Khandwala Yash S, Serrano Fernando, Eisenberg Michael L
Department of Urology, Stanford University School of Medicine, Stanford, CA, United States; University of California San Diego School of Medicine, La Jolla, CA, United States.
Department of Urology, Stanford University School of Medicine, Stanford, CA, United States.
Scand J Pain. 2017 Oct;17:403-407. doi: 10.1016/j.sjpain.2017.10.002. Epub 2017 Nov 7.
Chronic scrotal pain is a common yet poorly understood urologic disease. Current treatment paradigms are sub-optimal and include anti-inflammatory drugs and opioids as well as invasive surgical management such as microdenervation of the spermatic cord. In this study, the efficacy of external vibratory stimulation (EVS) was evaluated as an alternative treatment option for idiopathic scrotal pain.
Ten consecutive patients presenting to an academic urology clinic between December 2016 and April 2017 with scrotal pain were prospectively enrolled. After a comprehensive history and physical exam, patients were presented with and oriented to a spherical vibratory device that they were instructed to use topically each day for four weeks. Average and maximum pain severity, frequency, and bother scores were tracked at 2-week intervals using a visual analog scale (0-10) via survey. Descriptive statistics facilitated interpretation of individual changes in pain.
Nine men, with a median age of 46 years, completed at least 2 weeks of the study intervention. 78% (7/9) of men achieved some improvement in daily scrotal pain levels. Overall, average pain decreased from 4.9 to 2.7 (p=0.009) while maximum pain severity decreased from 6.3 to 4.0 (p=0.013). The frequency of pain also decreased for 55.6% (5/9) of men. No severe side effects were noted by any of the participants though several patients reported mild paresthesia only during application of the device. The majority of men expressed interest in continuing treatment after conclusion of the study.

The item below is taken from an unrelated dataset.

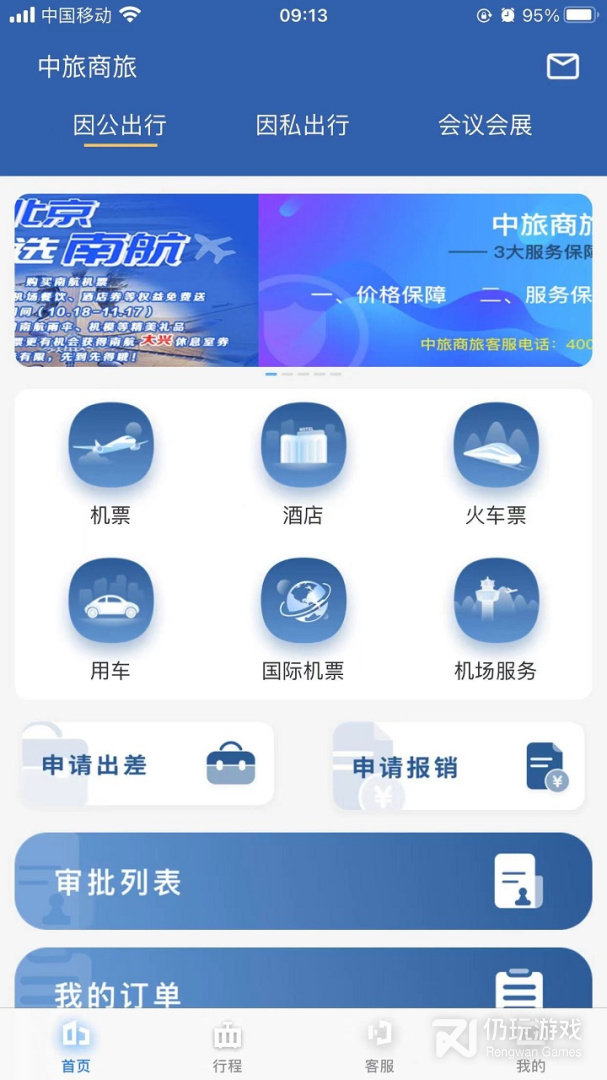 3、界面有出差的一站式服务,以及旅游的一站式服务,非常的周全

External vibratory stimulation has been suggested as a promising non-invasive tool to alleviate chronic pain. As a proof-of-concept, we implemented EVS to treat men with idiopathic orchialgia. The majority of patients noted benefit in both severity and frequency of pain. Given its low risk profile, EVS deserves further evaluation and inclusion in treatment guidelines as a promising experimental therapy for a disease with few conservative treatment options available to providers.

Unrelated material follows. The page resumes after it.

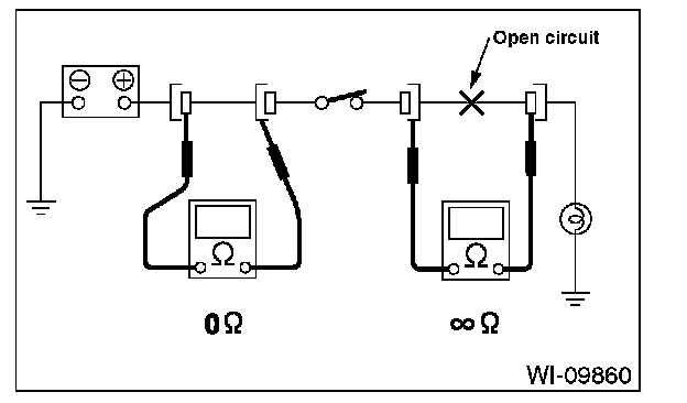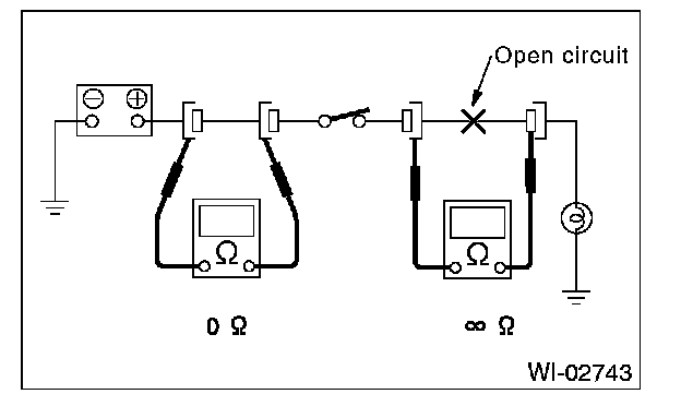 Disconnect all connectors affected, and check continuity in the wiring between adjacent connectors. When the ohmmeter indicates infinite , the wiring is open.

In this longitudinal study, external vibratory stimulation was found to decrease chronic scrotal pain without any adverse effects. The use of this non-invasive, non-pharmaceutical therapy to treat chronic scrotal pain has the potential to decrease physician and patient dependence on surgical procedures and opioid prescriptions. Future randomized, double blind clinical trials with a placebo arm are required to corroborate these findings and establish the true efficacy of EVS.

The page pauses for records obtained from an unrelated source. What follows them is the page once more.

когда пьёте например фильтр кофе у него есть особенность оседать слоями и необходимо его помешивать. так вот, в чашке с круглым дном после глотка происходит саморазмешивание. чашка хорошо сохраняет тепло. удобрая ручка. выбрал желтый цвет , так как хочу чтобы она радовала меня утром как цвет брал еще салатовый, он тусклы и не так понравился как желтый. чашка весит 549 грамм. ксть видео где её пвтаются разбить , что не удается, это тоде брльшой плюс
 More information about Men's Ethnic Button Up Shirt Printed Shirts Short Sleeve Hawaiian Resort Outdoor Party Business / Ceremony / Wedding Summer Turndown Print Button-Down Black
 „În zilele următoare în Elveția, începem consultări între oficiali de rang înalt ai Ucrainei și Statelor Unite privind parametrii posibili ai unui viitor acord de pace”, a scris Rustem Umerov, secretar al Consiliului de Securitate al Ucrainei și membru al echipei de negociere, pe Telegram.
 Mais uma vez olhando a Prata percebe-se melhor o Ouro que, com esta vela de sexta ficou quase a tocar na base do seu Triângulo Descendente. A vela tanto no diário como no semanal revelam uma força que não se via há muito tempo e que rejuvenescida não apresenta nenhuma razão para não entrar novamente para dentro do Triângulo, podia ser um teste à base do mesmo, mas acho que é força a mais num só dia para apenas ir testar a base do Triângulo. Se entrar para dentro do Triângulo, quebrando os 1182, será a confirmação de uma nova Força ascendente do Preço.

慢性阴囊疼痛是一种常见但了解不足的泌尿系统疾病。目前的治疗模式并不理想,包括使用抗炎药、阿片类药物以及诸如精索显微去神经术等侵入性手术治疗。在本研究中,评估了外部振动刺激(EVS)作为特发性阴囊疼痛替代治疗方案的疗效。
前瞻性纳入了2016年12月至2017年4月间连续10名到一家学术性泌尿外科诊所就诊的阴囊疼痛患者。在进行全面的病史和体格检查后,向患者展示并介绍了一个球形振动装置,并指导他们每天局部使用该装置,为期四周。通过问卷调查,每两周使用视觉模拟量表(0 - 10)跟踪平均和最大疼痛严重程度、疼痛频率及困扰评分。描述性统计有助于解读疼痛的个体变化。
9名男性完成了至少2周的研究干预,中位年龄为46岁。78%(7/9)的男性阴囊每日疼痛水平有一定改善。总体而言,平均疼痛从4.9降至2.7(p = 0.009),最大疼痛严重程度从6.3降至4.0(p = 0.013)。55.6%(5/9)的男性疼痛频率也有所下降。没有参与者出现严重副作用,不过有几名患者仅在使用该装置时报告有轻微的感觉异常。大多数男性表示在研究结束后有继续治疗的意愿。
外部振动刺激已被认为是一种有前景的缓解慢性疼痛的非侵入性工具。作为概念验证,我们采用EVS治疗特发性睾丸疼痛男性患者。大多数患者在疼痛严重程度和频率方面均有改善。鉴于其低风险特征,EVS值得进一步评估,并作为一种有前景的实验性疗法纳入治疗指南,因为对于临床医生而言,针对该疾病可供选择的保守治疗方法很少。
在这项纵向研究中,发现外部振动刺激可减轻慢性阴囊疼痛且无任何不良反应。使用这种非侵入性、非药物疗法治疗慢性阴囊疼痛有可能减少医生和患者对手术及阿片类药物处方的依赖。未来需要进行有安慰剂对照的随机双盲临床试验来证实这些发现,并确定EVS的真正疗效。